## DATA SECTION
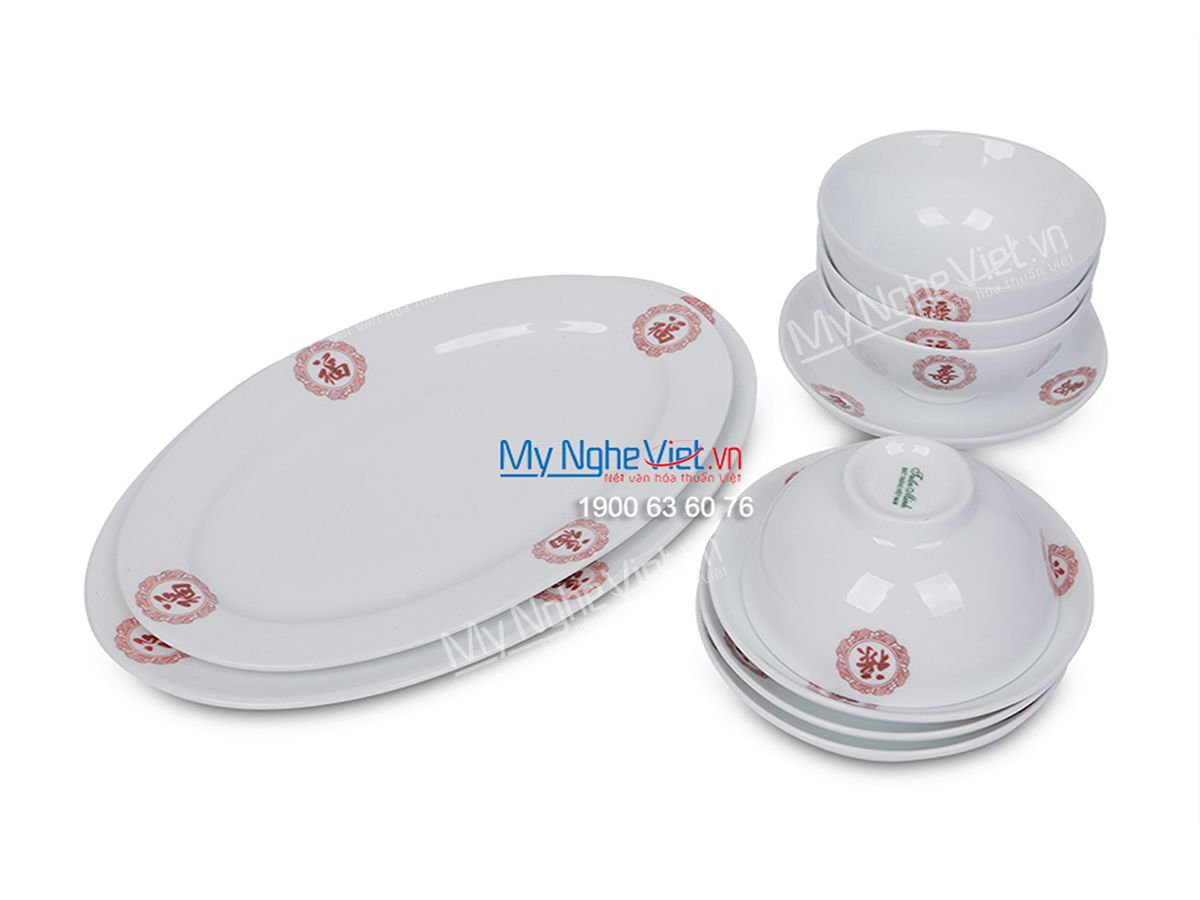 Bộ Bàn Ăn men trắng nổi bật với chữ Phúc Lộc Thọ, mang lại nét cổ điển, chân chất, là bộ chén bát quen thuộc trong mỗi gia đình Việt Nam thời xưa, sản phẩm thích hợp với các nhà hàng cơm quê, mang nét phá cách không chỉ là chén cơm bằng đất viền xanh đại trà như những nhà hàng khác. Mang lại sự mới lạ độc đáo nhưng vẫn giữ trọn nét xưa cũ.
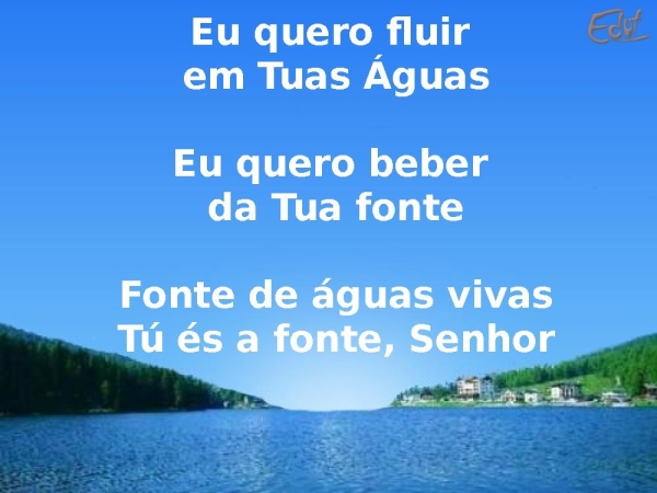 - Eu quero fluir em Tuas ÁguasEu quero beber da Tua fonteFonte de águas vivasTú és a fonte, Senhor
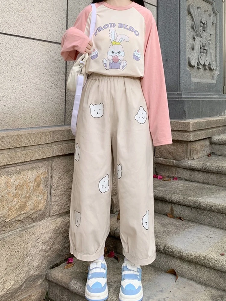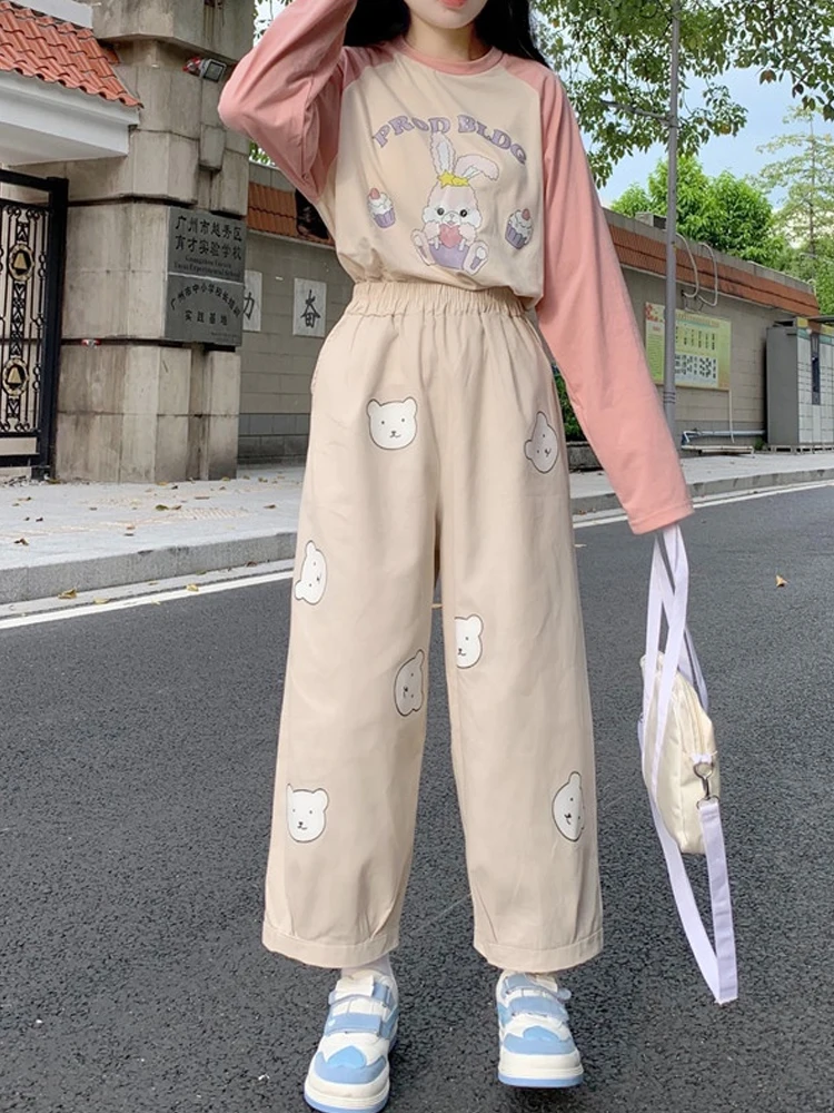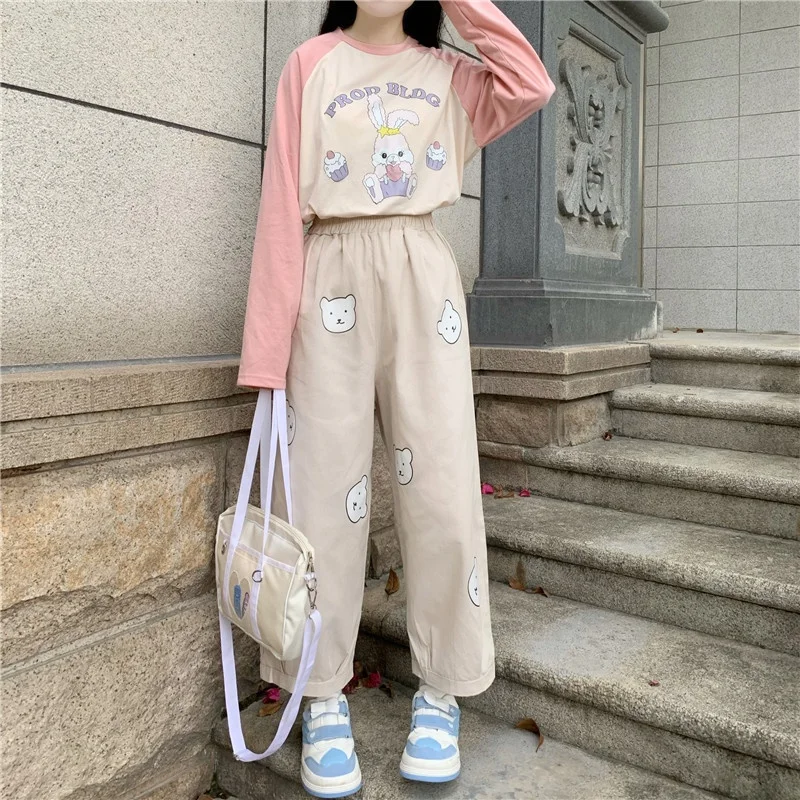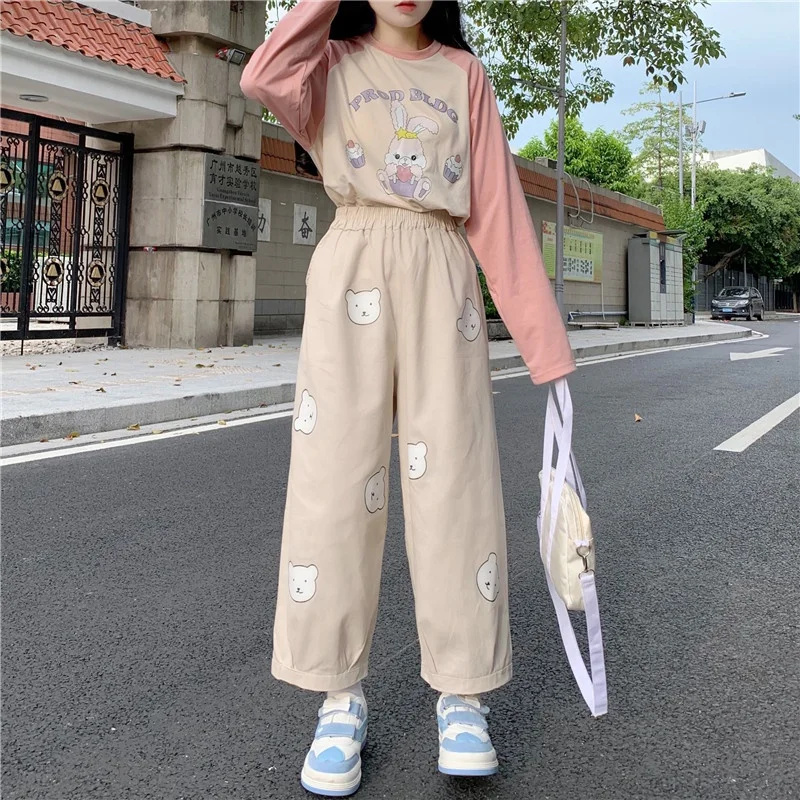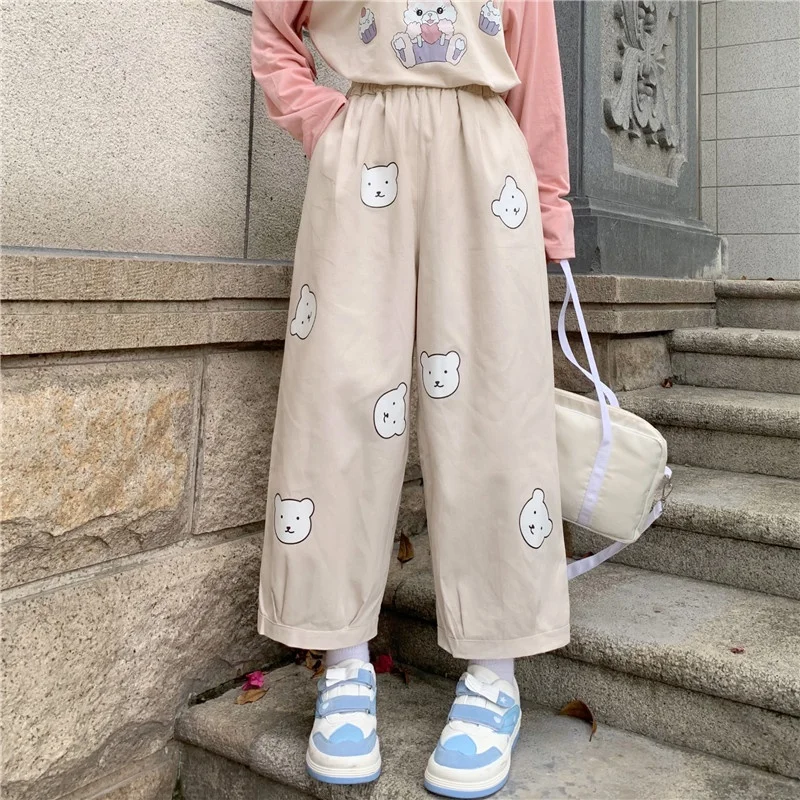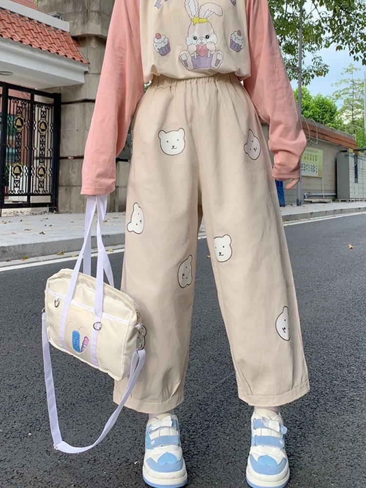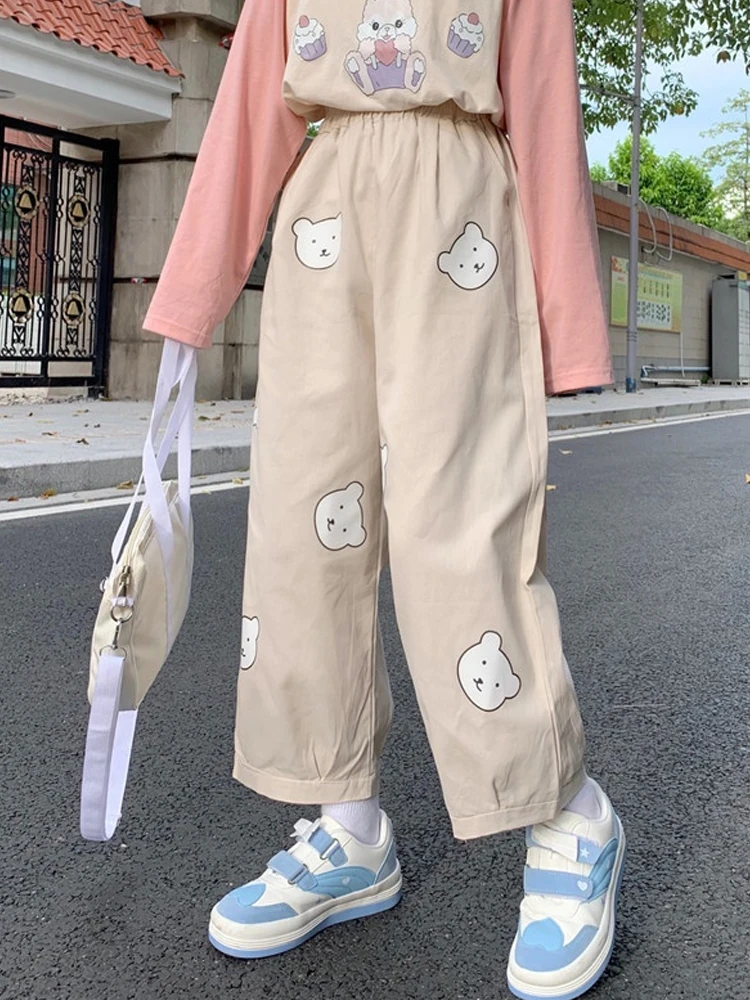 Отзывы о KIMOKOKM Kawaii/мягкие женские брюки с милым принтом медведя для девочек Свободные

## WHAT THE TASK REQUIRES
Go through the lines above and write each one out verbatim, skipping the pictures.

## ANSWER SPACE
 Bộ Bàn Ăn men trắng nổi bật với chữ Phúc Lộc Thọ, mang lại nét cổ điển, chân chất, là bộ chén bát quen thuộc trong mỗi gia đình Việt Nam thời xưa, sản phẩm thích hợp với các nhà hàng cơm quê, mang nét phá cách không chỉ là chén cơm bằng đất viền xanh đại trà như những nhà hàng khác. Mang lại sự mới lạ độc đáo nhưng vẫn giữ trọn nét xưa cũ.
 - Eu quero fluir em Tuas ÁguasEu quero beber da Tua fonteFonte de águas vivasTú és a fonte, Senhor
 Отзывы о KIMOKOKM Kawaii/мягкие женские брюки с милым принтом медведя для девочек Свободные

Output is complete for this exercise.